RHD genotyping and its implication in transfusion practice.

Background: The limitations of serology can be overcome by molecular typing. In order to evaluate the contribution of RH systematic genotyping and its implication in transfusion practice, a genotyping of D- blood donors was initiated.

Methods: Blood samples were collected from 400 unrelated D- individuals. All samples were tested by RHD exon 10 PCR. In order to clarify the molecular mechanisms of RHD gene carrier, we applied molecular tools using different techniques: PCR-multiplex, and PCR-SSPs.
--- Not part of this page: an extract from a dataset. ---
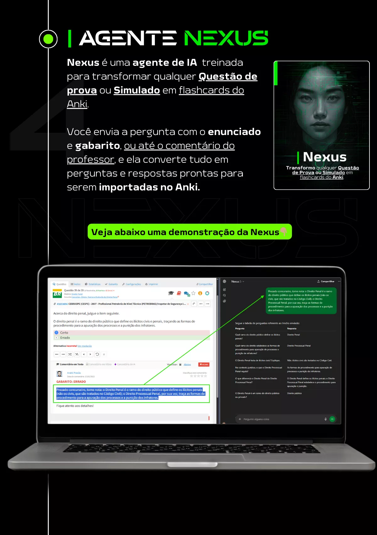✓ Agente Nexus, treinada para transformar qualquer Questão de Prova ou Simulado em flashcards do Anki.

Results: Among 400 D- subjects tested, 390 had RHD gene deletion; and 10 had RHD exon 10 of which seven were associated with the presence of the C or E antigens. Among D- carriers, we observed in five cases the presence of RHD-CE-Ds hybrid, in four cases the presence of pseudogene RHD ψ and in one case the presence of weak D type 4.

Conclusion: Since the majority of aberrant alleles were associated with C or E antigens and the preliminary infrastructure for molecular diagnostic were absent in all Tunisia territory, we recommend to reinforce transfusion practice to consider D- donors but C+/E+ antigens as D+ donors and the application of RHD molecular typing only to solve serologic problems.